自身の意思を増やす事が可能なスキル。様々な事を考える事でスキル能力が上がり、より意思を増加させる。スキル「思考補助」を用いる事でより能力の上がりを早くする。


(…これってつまり自分自身が身体の中で分身したって事じゃ?)

『ありえる。つーかありえてくれなきゃこの状態をどう説明するんだよ』

(それはそうだな)


突如として増えた自分自身の分身。

意思のみであるが意外といると安心するような感じがする。

まぁそれは良いとして。


(なぁ分身一号。気づいてるか)

『分身一号て。まあ自分の名前で呼び合うよりは良いか。それと気づいて無いわけないだろ』


先ほどから護衛ではない何かが後を付いて来ている。


(三人かな…それも少し離れて移動してやがる)

『ランダムトラップとかしてみるか?』

(そうだけど同じのを同時発動はきついんだよ。前やろうとしたけど息してるはずなのにしてないように感じちゃうほどだ)
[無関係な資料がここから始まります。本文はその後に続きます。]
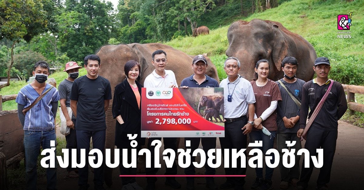 นายประพาฬพงษ์ มากนวล รองผู้อำนวยการฝ่ายกิจกรรมองค์กรเพื่อสังคม กลุ่มทรู และนายฤทธิชัย ภูมิอมร รองกรรมการผู้จัดการอาวุโส บมจ.เจริญโภคภัณฑ์อาหาร ธุรกิจผลิตและขายอาหารสัตว์บกภาคเหนือเป็นตัวแทนมอบเงินบริจาคที่ได้จากประชาชนและลูกค้า จำนวน 2,798,000 บาท ให้สมาคมสหพันธ์ช้างไทย นำไปช่วยเหลือควาญและช้างผ่าน โครงการ ‘คนไทยรักช้าง’ เพื่อช่วยเหลือและบรรเทาความเดือดร้อนด้านอาหารและสุขภาพของช้างเลี้ยง จำนวน 223 ปางทั่วประเทศ ด้วยการรณรงค์ให้คนไทยจากทุกภาคส่วนร่วมกันแบ่งปันน้ำใจให้ก้าวผ่านวิกฤตโควิด-19 โดยที่ผ่านมาซีพีเอฟ สนับสนุนอาหารช้างเอราวัณไปแล้วกว่า 60,000 กิโลกรัม เป็นมูลค่า 600,000 บาท มอบให้แก่สมาคมสหพันธ์ช้างไทย เพื่อนำไปเป็นอาหารเสริมให้ช้างมีสุขภาพที่ดีขึ้น นอกจากนี้กลุ่มทรูยังติดตั้งเทคโนโลยีอัจฉริยะทรู 5G ในระบบสื่อสารของรถกู้ภัยช้างประกอบไปด้วยเพื่อการอุปกรณ์สื่อสารแบบไร้สายที่เร็ว และระบบกล้องวงจรปิด เพื่อใช้ในภารกิจช่วยเหลือช้างบาดเจ็บและป่วย และสามารถเฝ้าดูอาการของช้างระหว่างที่ทำการขนย้าย ทำให้สัตว์แพทย์สามารถวินิจฉัยอาการได้ทันที พร้อมเปิดช่องทางรับบริจาคจากประชาชนผ่านทรูมันนี่ เคาน์เตอร์เซอร์วิส และ ทรูยู โดยในปีที่ผ่านมา ได้รับเงินบริจาค เป็นเงินทั้งสิ้น 2,798,000 บาท เพื่อนำไปดูแลช้างที่ได้รับผลกระทบจากวิกฤติในครั้งนี้ และให้ความช่วยเหลือต่อเนื่องในปี 2565 อีกด้วย

『でもせめて二人撃退しないとまずいぞ。どいつも強すぎる。護衛だけだと一人が限界だ』


そっかぁ…ん?ちょっと待てよ。

なんで俺今なんの変化もないの?


(なぁ分身一号…お前まさか鑑定出来てんの?)

『え?あぁまあ出来てるぞ。と言ってもさっきまで全く出来なかったが』

(もしかしなくても俺が空間探知使った後か?)

『なんで分かったんだ!?』


いやこれもしかしたら相当悪用出来るくね?並列意思って。

でも今の状況を解決するにはせめてもう一人…


《条件を達成しました。スキル「思考補助」による一定量の創造によりスキル「並列意思」に存在が誕生しました》


(あ)

『あ』

[ふーん…大体把握した。取り合えず分身二号とでも呼んでくれ]

『記憶共有してるとはいえ納得速度早くね…?』

(いや逆だ。ありがたい。今から少し作戦会議するぞ)




俺は手短に分身に内容、方法を含め作戦を伝えた。


『…マジで?いけんの?』

(さっき意図せず行けたからな。援護よろしくな)

[まぁやらないで攻撃を受けるよりは良いよね]


作戦開始、と言っても内容と行動はシンプルだ。

まず、本体である俺が空間探知を発動。常に尾行している三人の人物の場所が共有される。

そして素早く分身達が()()を始める。

それを狙った位置で発動する。


「んぎゃ!?」

「なん…ぐわ!?」


路地からランダムトラップによるタライ落としとトラバサミを食らった二名の悲鳴を聞き、護衛が反応し行動に移す。

先ほどから姿を出さなかった何かを捕獲する為に。

いやまさか並列意思ってこれ全部同じじゃなくて個々の意思になってるのか。

おかげで複数の魔法を同時発動出来た。


「貴方…今度は何やらかしたの?」


あやっべそういやコイツ居たんだ!くっそ緊急逃走開始!!


なおあっさり捕まった。父親に。